W środę 27 listopada została powołana rada nadzorcza PGL w nowym składzie – zabrakło w niej m.in. byłego prezesa PLL LOT Sebastiana Mikosza.
Nowa rada nadzorcza PGL już następnego dnia (28 listopad) zdecydowała
o odwołaniu całego zarządu spółki. Swoje stanowiska stracili zarówno prezes zarządu Artur Lebiedziński jak i Paweł Hajduk, który odpowiadał za kwestie finansowo-ekonomiczne. Do pełnienie funkcji prezesa zarządu PGL oddelegowany został Łukasz Chaberski, czyli obecny przewodniczący rady nadzorczej PGL.
29 listopada resort infrastruktury poinformował o zmianach w składzie rady nadzorczej LOT.

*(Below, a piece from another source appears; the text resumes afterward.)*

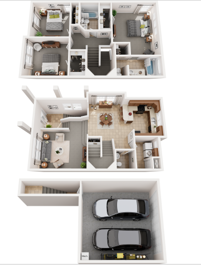 Our townhomes are designed to support your lifestyle with modern interiors and essential conveniences. From attached two-car garages to spacious kitchens and private bedrooms, Red Hawk Crossings delivers a balanced blend of style and practicality in a peaceful residential setting.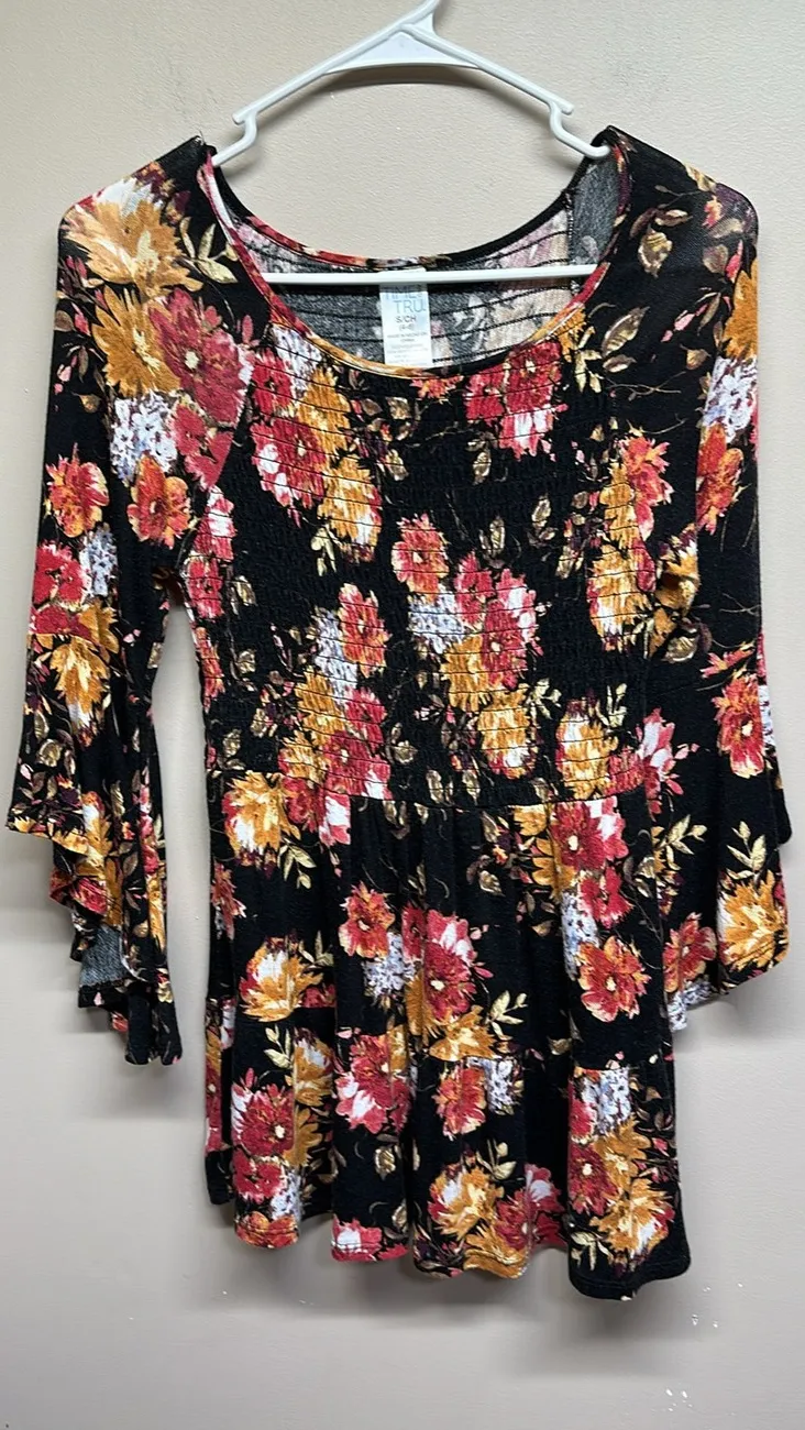 Time & Tru Womens Black Floral Smocked Tiered Ruffle Sleeve Peasant Top Small - $10 - From Teresa

Do rady nadzorczej PLL LOT powołano Agnieszkę Trzaskalską oraz Annę Wilgę-Szczepanik, pracowników departamentu nadzoru właścicielskiego Ministerstwa Infrastruktury. Z radą nadzorczą pożegnał się także Artur Lebiedziński. Obecnie rada nadzorcza PLL LOT składa się więc z czterech osób, są to: Agnieszka Trzaskalska (przewodnicząca), Patrycja Zawadzka, Anna Wilga-Szczepanik, Tomasz Ludwicki.
Plany PLL LOT
Od początku roku z usług
PLL LOT skorzystało już niemal 9 mln pasażerów. To o 4,1 proc. więcej niż przed rokiem. W tym samym czasie liczba wykonanych operacji lotniczych wzrosła o 5,4 proc. W okresie od czerwca do września w każdym miesiącu liczba pasażerów przekraczała milion podróżnych. Pobicie rekordowej liczby pasażerów z roku 2019 jest już niemal pewne. Do tego wystarczy nawet przewiezienie takiej samej liczby osób jak w listopadzie i grudniu ubiegłego roku.

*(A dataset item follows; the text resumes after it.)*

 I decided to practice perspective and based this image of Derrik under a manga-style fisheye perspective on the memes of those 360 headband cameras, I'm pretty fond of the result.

LOT realizuje założenia nowej strategii i otwiera nowe połączenia, ale musi też mierzyć się z problemami na Bliskim Wschodzie, które uniemożliwiają obsługę tras do Tel Awiwu i Bejrutu w zakładanej skali oraz wycofał się z realizacji połączeń do Pekinu. Wyzwaniem pozostaje także powiększenie floty i dostępność samolotów szerokokadłubowych.
Obecnie flota PLL LOT składa się z 85 samolotów: sześciu boeingów B737-800, 17 B737 MAX, ośmiu B787-8, siedmiu B787-9 Dreamliner oraz 47 embraerów E-Jet: pięciu E170, 15 E175 (w tym dwa do dyspozycji rządu), ośmiu E190, 16 E195 oraz trzech E195-E2. LOT oczekuje na dostawę siedmiu boeingów 737 MAX 8.